Visited State Branching Scenario with Player Next Button State Changes

Mar 23, 2018

I'm not sure if I've chosen the best way to do this, but in the attached SL360 file I have a slide with 9 boxes, each a separate topic to be visited.  In my example, I am only showing one slide to be visited for each box.  In the actual courses there will be multiple slides under each.  For that reason I chose not to use layers.  When the main branching slide starts, I've triggered to disable the Next button on the player.  Then when all boxes (slides) have been visited, I trigger a state change to normal.  I have tried all three "when revisiting" options for the main slide (of course resetting it I know will not work as it will reset the visited states of the boxes).  It looks like the Next button does change to normal for a fraction of a second and then disables again.  I even made sure that the trigger to change to normal state comes after the trigger to disable the button.  It works when I preview the slide only, but does not when previewing the scene or when I publish/upload to Articulate Review.  IS this a bug, or am I doing something wrong?

10 Replies
Michael Anselmo

Awesome Wendy.  Thank you!  Any chance you can explain why using the states all visited trigger doesn't work, and why it had to be in the format you used with conditions?  I figured that since that trigger came after the disable trigger, it would have seen that all of the shapes had been visited and change the Next button to normal?  Is it because that trigger only occurs once, the first time the slide is visited, and since we must set the slide to 'resume saved state', it will not look at my trigger again, but will look at those triggers that have to do with when the timeline starts?  Thank you again!

Wendy Farmer
Michael Anselmo

why using the states all visited trigger doesn't work, and why it had to be in the format you used with conditions?

Hi Michael

The visited state occurs as soon as the user clicks the button but because you had the slide properties set to 'reset to initial state', each time the user came back to the slide the visited state was reset to normal so your trigger when 'all are visited' never occurred.

If you were using layers on the same slide that trigger would probably work but since you are leaving the main slide then returning you want two things to happen.  e.g. For SL to remember that buttons 1 and 2 have been clicked so you set the revisit option to 'resume saved state' and you want the Next button to change once all nine buttons are visited and the user returns to the 'hub' slide.

You want SL to check what is the state of everything each time the timeline restarts so 'when the timeline starts' and putting the states into the conditions is the approach I would take.

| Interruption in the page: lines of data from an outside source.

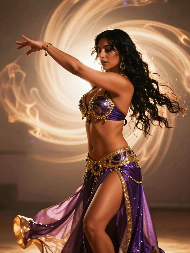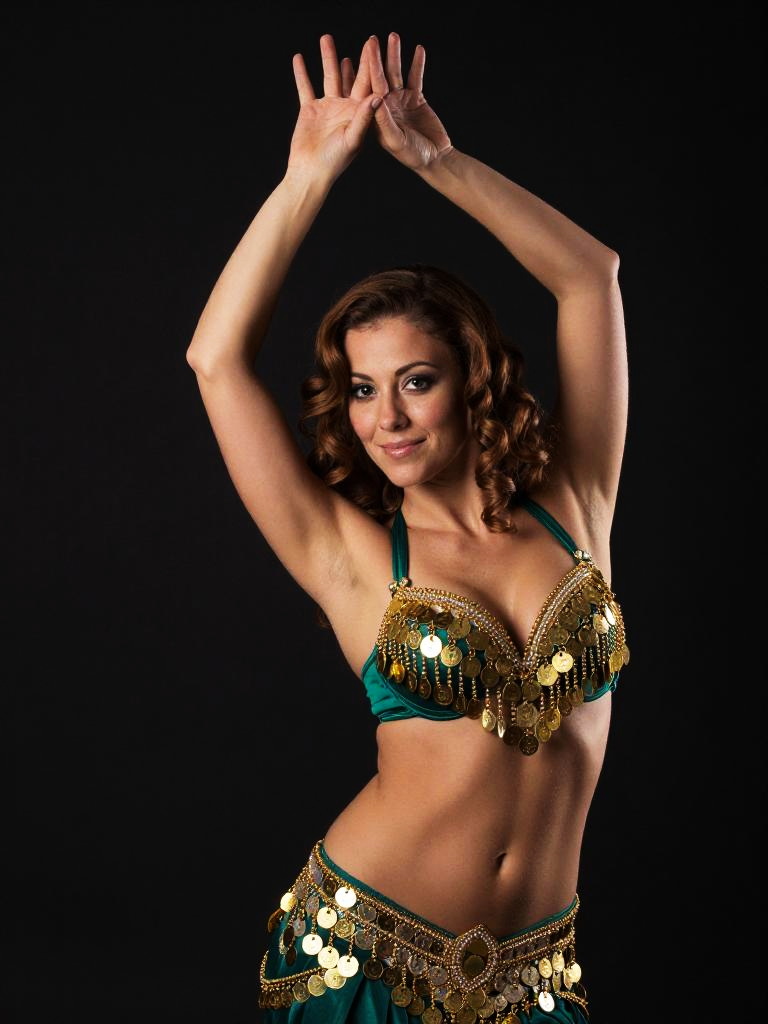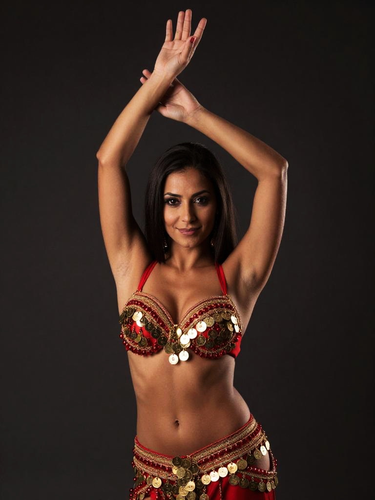 Belly dance, three-quarter portrait of light brown-skinned woman with straight dark hair and gentle features facing the camera, both arms raised gracefully above her head, head tilted slightly down with a soft smile, layered hip belt and gold and emerald bra top with dangling coins and sequins, simple dark background that makes the costume glow, minimal dark stage with faint rim light, dramatic yet elegant studio lighting, high-resolution dance photography
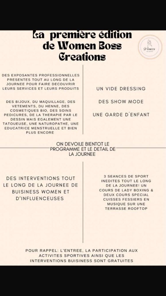 Organisé par et pour les femmes, Women Boss Création propose un programme varié qui saura séduire toutes celles qui aspirent à développer leur business ou simplement à s’inspirer des parcours d’autres entrepreneuses. Au programme : des animations sportives sur rooftop, des sessions de boxe, des ateliers axés sur le bien-être et la confiance en soi, mais aussi un défilé de mode mettant en avant le fitness et le casual wear.
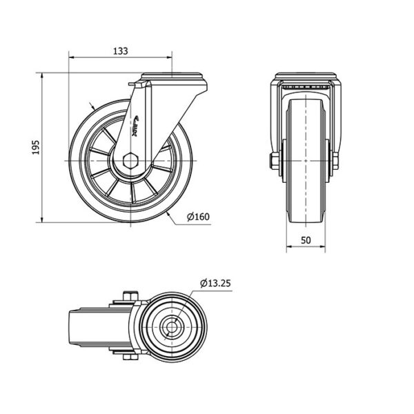 Rueda goma giratoria Alex diametro 160 mm. modelo 2-4363
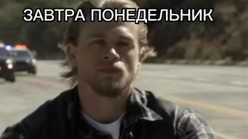 A man on a motorcycle with police cars in the background, reacting to "Tomorrow is Monday."
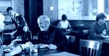 Mature couple communicate and chatting during date in cafe, have rendezvous, lovers tryst. Participants of meeting get to know each other, joke and communicate during meeting
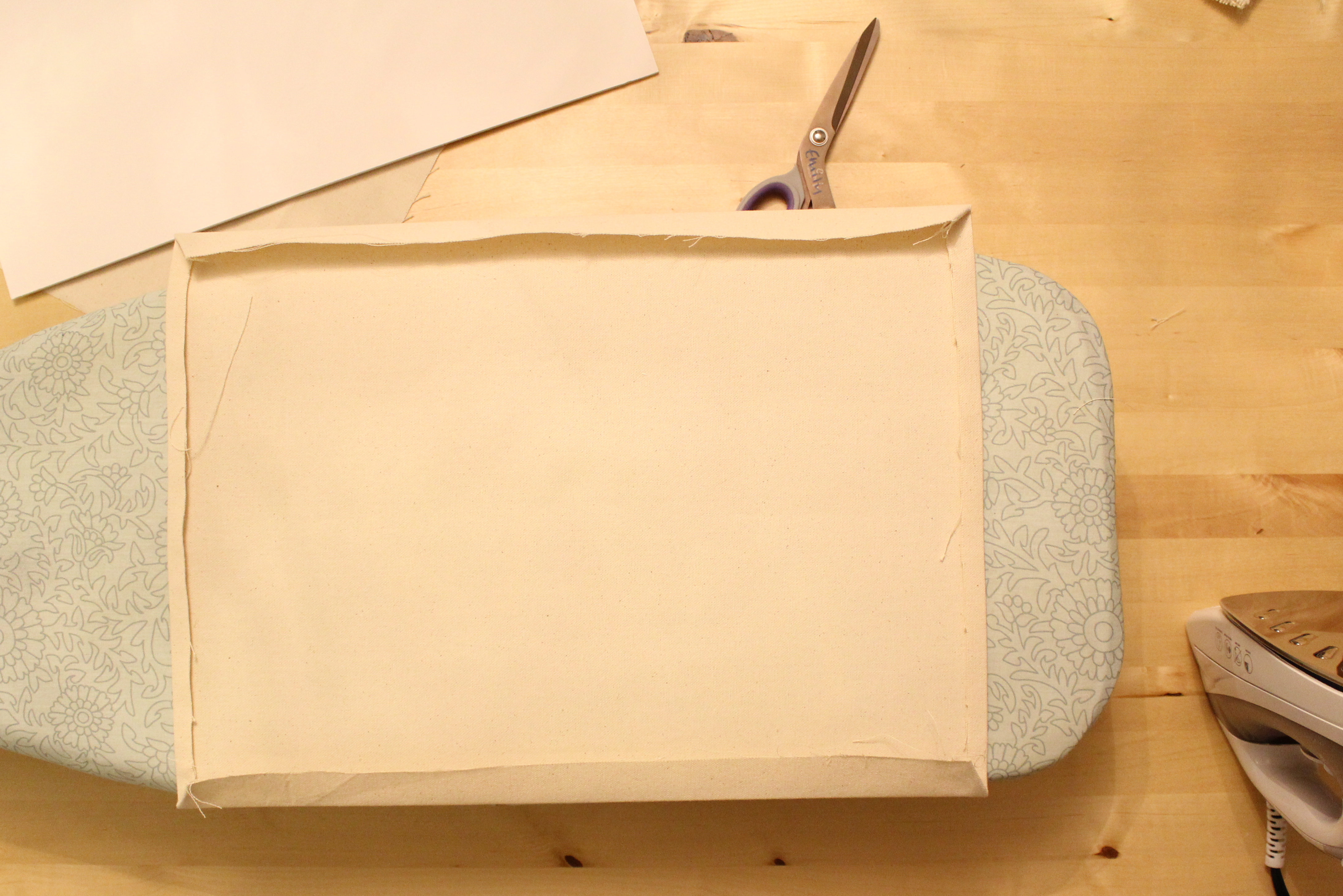 Once all the stripes were ironed around the edges, I waited for them to cool, and removed the paper backing. Then I ironed the burlap onto the folded side of the canvas, making sure to get a lot of heat around the edges and corners.

The beauty of SL is you can achieve the same outcome in different ways so others may chime in with a different approach...I use what works for me :-)

Hope that explains it.

Michael Anselmo

Thanks again Wendy.  I actually did try my original triggers with the slide set to 'resume saved state', but I was trying all of the settings and must have left it on the 'reset to initial state', even though I was sure that was not going to work.  Your method will help me in the future for sure, and the courses I have been working on all pretty much similar original PowerPoint presentations with a 'hub' or 'base' slide with the topics laid out as I had the numbered boxes, and they expand on each, repeating the 'hub' slide showing the topic covered (but it's all linear).  I've just been converting some past Power point Product training, trying to make it a little interactive at least, giving the learner the option to choose the topics in any order they prefer.  Thanks again for your help.  I think using similar logic will also help me with other scenarios I will come across in the future.

Michael Anselmo

Thank you Melanie.  That also worked, and with one less trigger/  I believe I got the idea to disable the Next button initially from a recent Articulate Live webinar where (I think it was David Anderson) showed an example of not allowing the learner to proceed until completing some things and said not to hide the button, but to disable it.  If disabled, then it's clear to the learner that they cannot proceed or that there is more to do before moving to the next slide.  If it's hidden, they may get confused, and if it's there and appears that it should work, I think they also may get confused?  I did something like this before, but at that time I had created my own Previous and Next buttons (and disabled the player buttons).  I didn't have an issue then,  but they was more work to add those.  Thank you!

Melanie Sobie

Glad this information was helpful. I learned this technique from a Storyline newbie I worked with a couple of years ago. I was so surprised - I had never considered not disabling the next button at the beginning of the slide, and thought her alternative method of locking the next button based on the conditions was brilliant! :-)

Wendy Farmer
Michael Anselmo

If disabled, then it's clear to the learner that they cannot proceed or that there is more to do before moving to the next slide.

Good point Michael - that's why I prefer to disable the button otherwise if it's looks clickable but the user can't progress they get frustrated. If I do want to leave it in a normal state, then I add a popup hint that displays for a few seconds 'You must complete all activities on screen before clicking Next' or something visual like that.